Pultrusion is a constant process for manufacturing compound materials with continuous cross-section. Contrasting to extrusion, which pushes the material, pultrusion pulls the material.

D1: Compare and Contrast processes with their alternatives and decide which one is better and why

Hot forging & Cold forging

Hot forging preserves resources from permanently deforming so as to increase its resistance to additional deformation at high temperatures. Although this causes the materials to be strong, it results in low resistance and high flexibility. On the other hand, cold forging increases the strength of a metal through permanently deforming so as to increase its resistance to additional deformation at a room temperature.

Manufacturers might choose cold forging over hot forging because cold forged parts need little work which reduces the end cost. Another reason is that the material savings attained through accurate shapes. The financial advantages plus high production rates and extended die life are enough to persuade manufacturers that cold forging is the best selection for them.

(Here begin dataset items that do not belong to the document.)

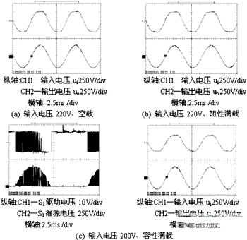 不同輸入電壓和負(fù)載時(shí),500VA 220V±10%50Hz/220V50Hz Buck-Boost型正弦交流穩(wěn)壓器的原理試驗(yàn)波形,如圖4所示。原理試驗(yàn)結(jié)果表明:Buck-Boost型正弦交流穩(wěn)壓器工作時(shí)存在四種DCM模式 A、B、C、D;輸出電壓波形THD含量低;負(fù)載適應(yīng)能力強(qiáng);穩(wěn)壓性能好。試驗(yàn)結(jié)果與理論分析一致。
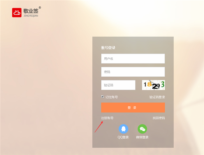 一、打开敬业签Web网页版登录界面(https://web.jingyeqian.com/home/login/),点击“注册账号”按钮,打开进入敬业签账号注册界面;
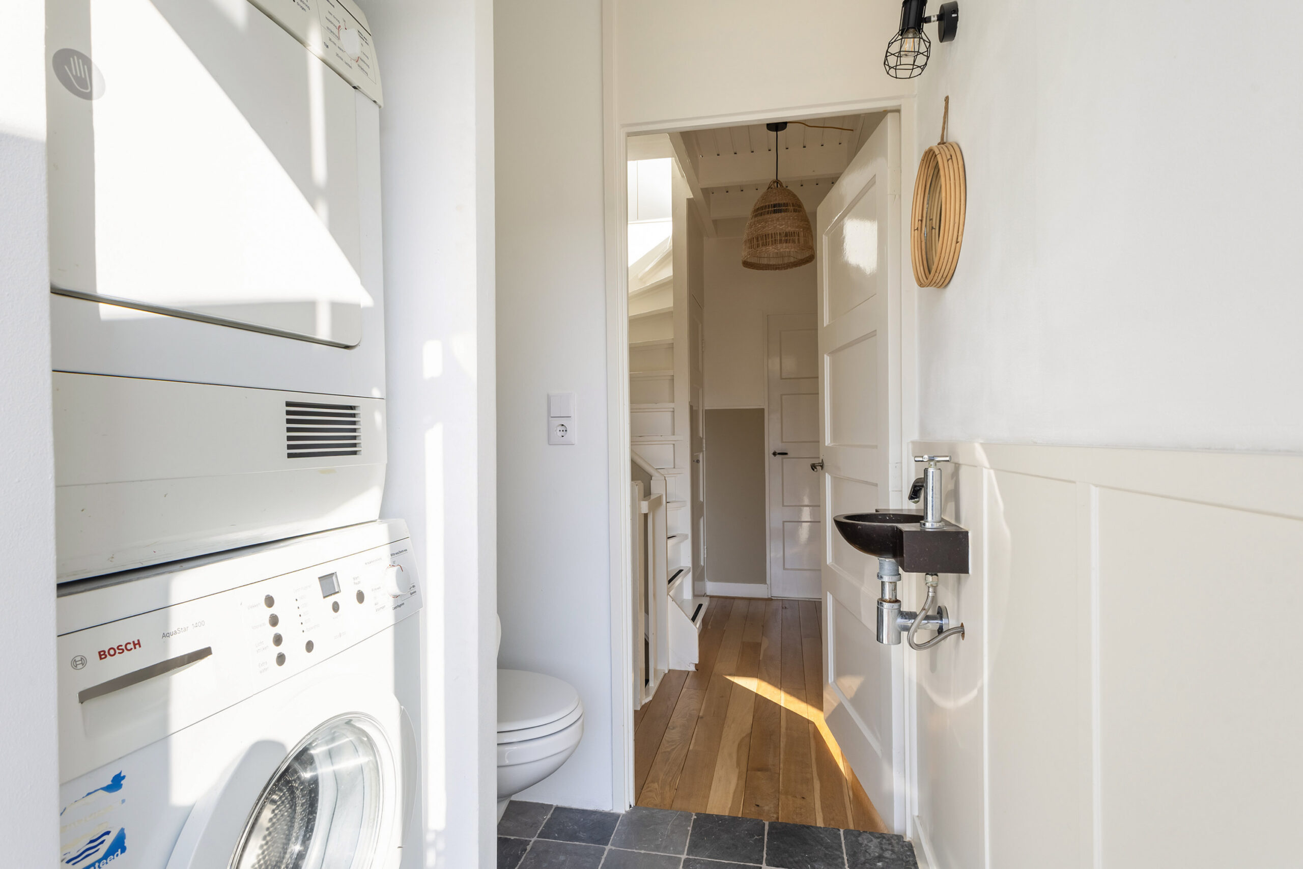 – eerste verdieping met 3 slaapkamers en een wasruimte met witgoedaansluiting, wastafel, toilet en toegang tot droogplat
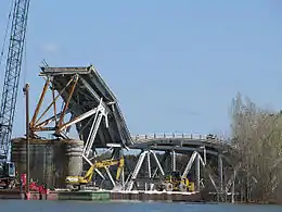 On November 9, 2009, officials in Vermont and New York announced that the bridge was beyond repair and would have to be demolished.[12] Removal of the existing bridge was accomplished by explosive demolition, and was originally scheduled for December 23, 2009.[13] On December 22, officials moved the demolition date to December 28 as a result of the formation of ice on Lake Champlain and cold weather in the area; both factors led to delays in installing the necessary explosives for demolition.[14] The bridge was demolished at 10:03 am on December 28, 2009.[15]

In contrast to this, subject on the manufacturer’s requests, some of the cold forging features could be disadvantages. For example, only simple shapes in high volumes can be moulded. As a result, if the client is looking for a precise modified component, then hot forging would be better suited. Furthermore, another disadvantage of cold forging is that cold forged metals are less malleable which makes them useless for certain structures. Also, residual stress may arise as a result of the grain structure that provides the material its strength.

Extrusion & Pultrusion

Pultrusion is less known than extrusion as a moulding process. Both the processes are alike as they both allow countless lengths of a set and a fixed shape to be produced. The major difference between the two is that extrusion can be used for other materials such as: thermoplastics, aluminium and wood compounds, while pultrusion is used in producing compounds that use long threads of fibre as support.

Pultrused plastics demonstrate an improved variety of physical properties that is an advantage to both engineering and design applications, as they give the durability of metals with the benefits of low weight and resistance to rust and corrosion. Pultrused work pieces are very durable and are very much like metals.

Although pultrusion is resourceful in its usage of materials, the process is completely mechanical and needs a frequently heated die. This endless use of electricity and heat that is needed to fuel the process makes pultrusion less energy efficient than other processes such as extrusion. Furthermore, the restricted kind of materials that can be pultrused are not often recyclable.

This could push manufacturers to choose extrusion over pultrusion.